To illustrate multivariate linear models, we will use data collected
by Anderson (1935) on three species of
irises in the Gaspé Peninsula of Québec, Canada. The data are of
historical interest in statistics, because they were employed by
R. A. Fisher (1936) to introduce the
method of discriminant analysis. The data frame iris is
part of the standard R distribution, and we load the car
package now for the some function, which randomly samples
the rows of a data set. We rename the variables in the iris
data to make listings more compact:
> names(iris)
[1] "Sepal.Length" "Sepal.Width" "Petal.Length" "Petal.Width" "Species"
> names(iris) <- c("SL", "SW", "PL", "PW", "SPP")
> library(car)
> some(iris, 3) # 3 random rows
SL SW PL PW SPP
44 5.0 3.5 1.6 0.6 setosa
61 5.0 2.0 3.5 1.0 versicolor
118 7.7 3.8 6.7 2.2 virginica
The first four variables in the data set represent measurements (in cm) of parts of the flowers, while the final variable specifies the species of iris. (Sepals are the green leaves that comprise the calyx of the plant, which encloses the flower.) Photographs of examples of the three species of irises—setosa, versicolor, and virginica—appear in Figure 1. Figure 2 is a scatterplot matrix of the four measurements classified by species, showing within-species 50 and 95% concentration ellipses (see (Fox and Weisberg 2011, sec. 4.3.8)); Figure 3 shows boxplots for each of the responses by species.

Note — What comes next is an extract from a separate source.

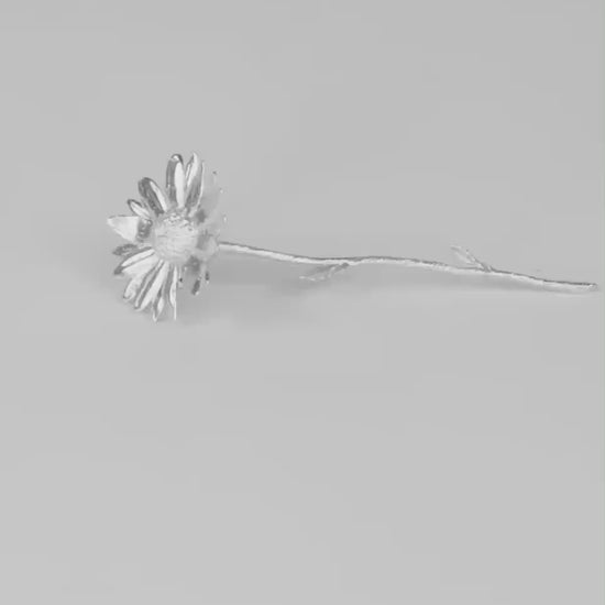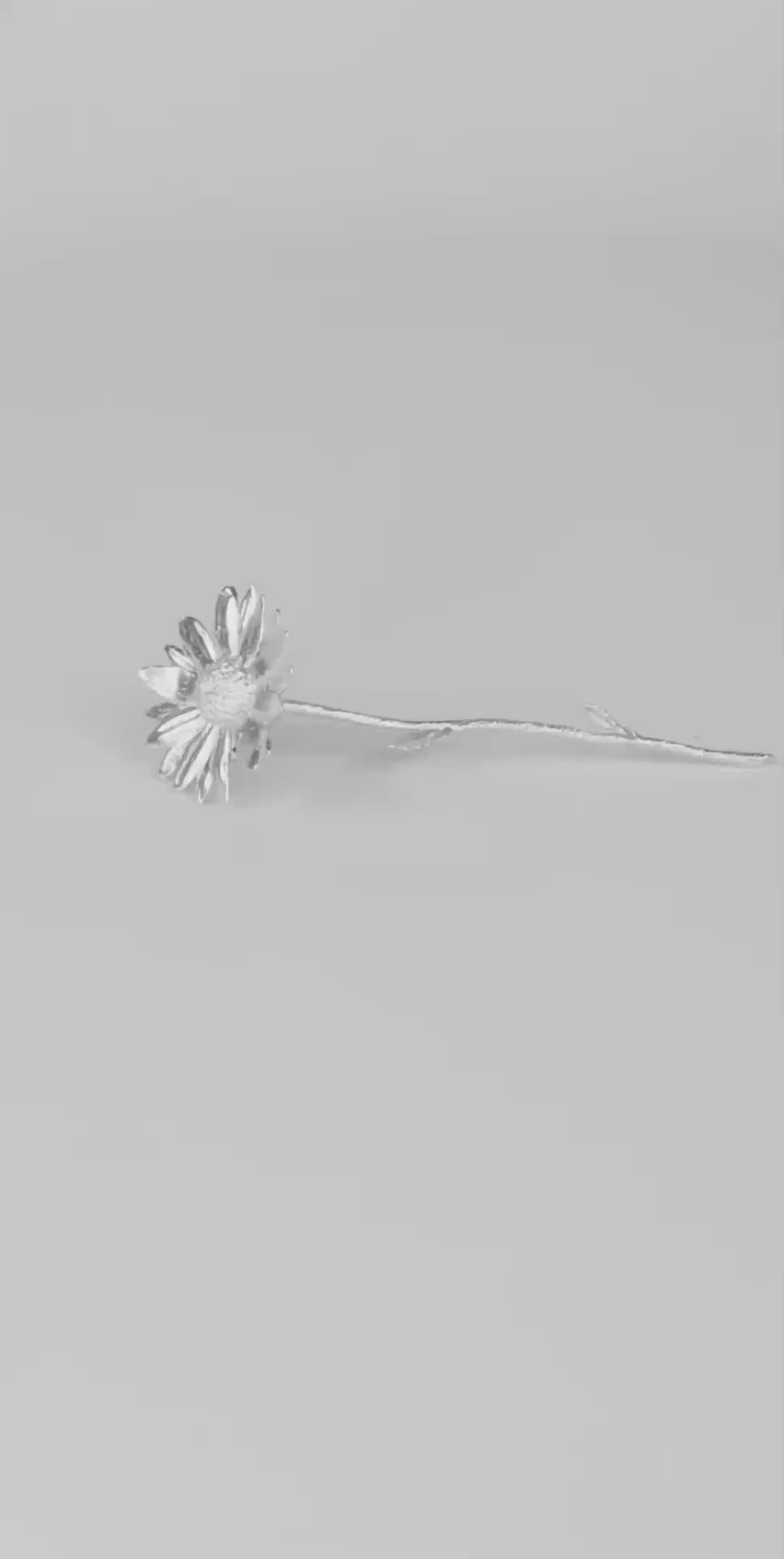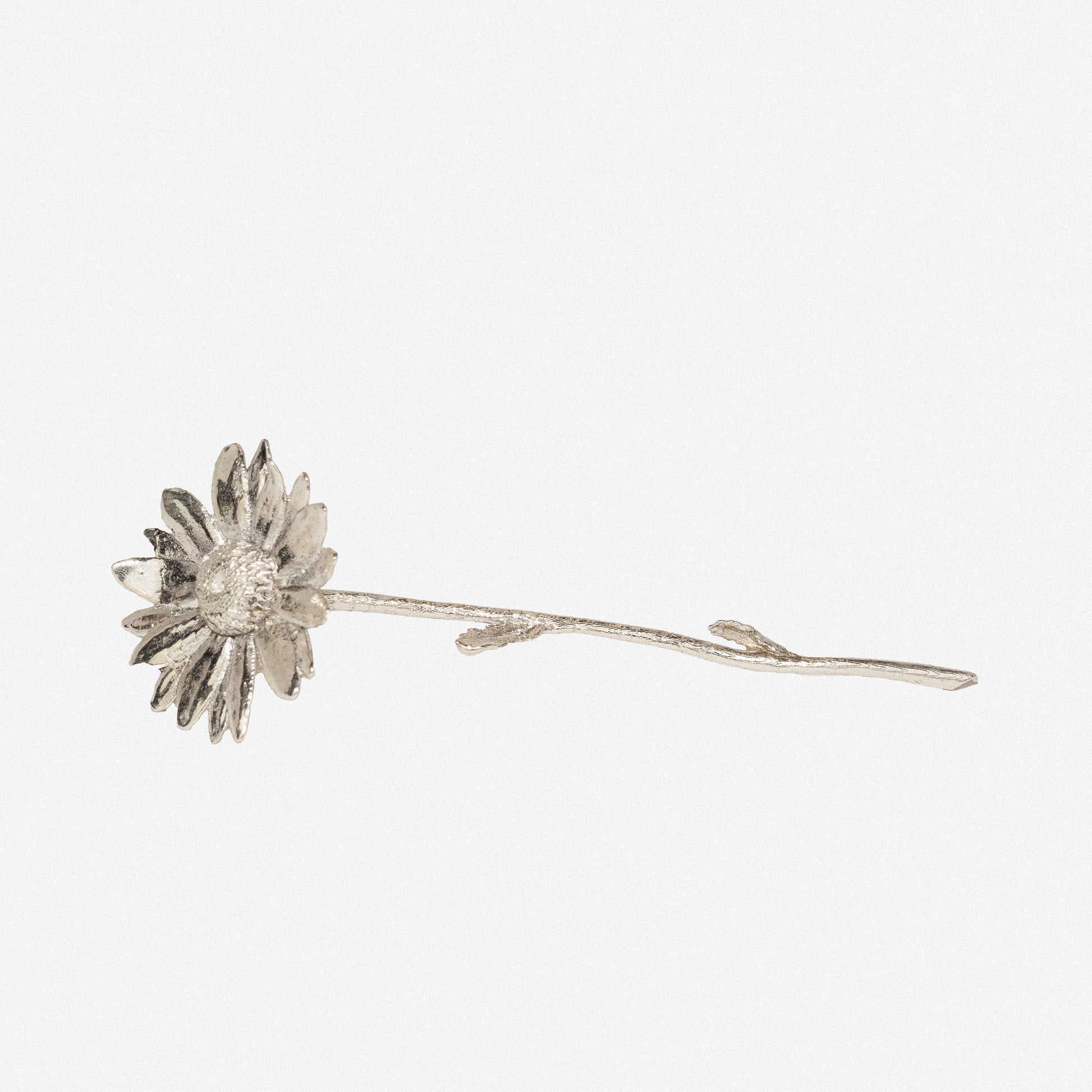 This silver brooch is shaped after the daisy, a flower celebrated for its purity and fresh start symbolism. The daisy stands for innocence and the optimistic spirit of renewal, qualities captured in the clean and simple design of this piece. Its symmetrical petals and uncluttered appearance reflect a straightforward yet graceful aesthetic.

These graphs are produced by the scatterplotMatrix and
Boxplot functions in the car package (see (Fox and Weisberg 2011, sec. 3.2.2 and 3.3.2)).
As the photographs suggest, the scatterplot matrix and boxplots for the
measurements reveal that versicolor and virginica are more similar to
each other than either is to setosa. Further, the ellipses in the
scatterplot matrix suggest that the assumption of constant within-group
covariance matrices is problematic: While the shapes and sizes of the
concentration ellipses for versicolor and virginica are reasonably
similar, the shapes and sizes of the ellipses for setosa are different
from the other two.
We proceed nevertheless to fit a multivariate one-way ANOVA model to the iris data:
> mod.iris <- lm(cbind(SL, SW, PL, PW) ~ SPP, data=iris)
> class(mod.iris)
[1] "mlm" "lm"
The lm function returns an S3 object of class
"mlm" inheriting from class "lm". The printed
representation of the object (not shown) simply displays the estimated
regression coefficients for each response, and the model summary (also
not shown) is the same as we would obtain by performing separate
least-squares regressions for the four responses.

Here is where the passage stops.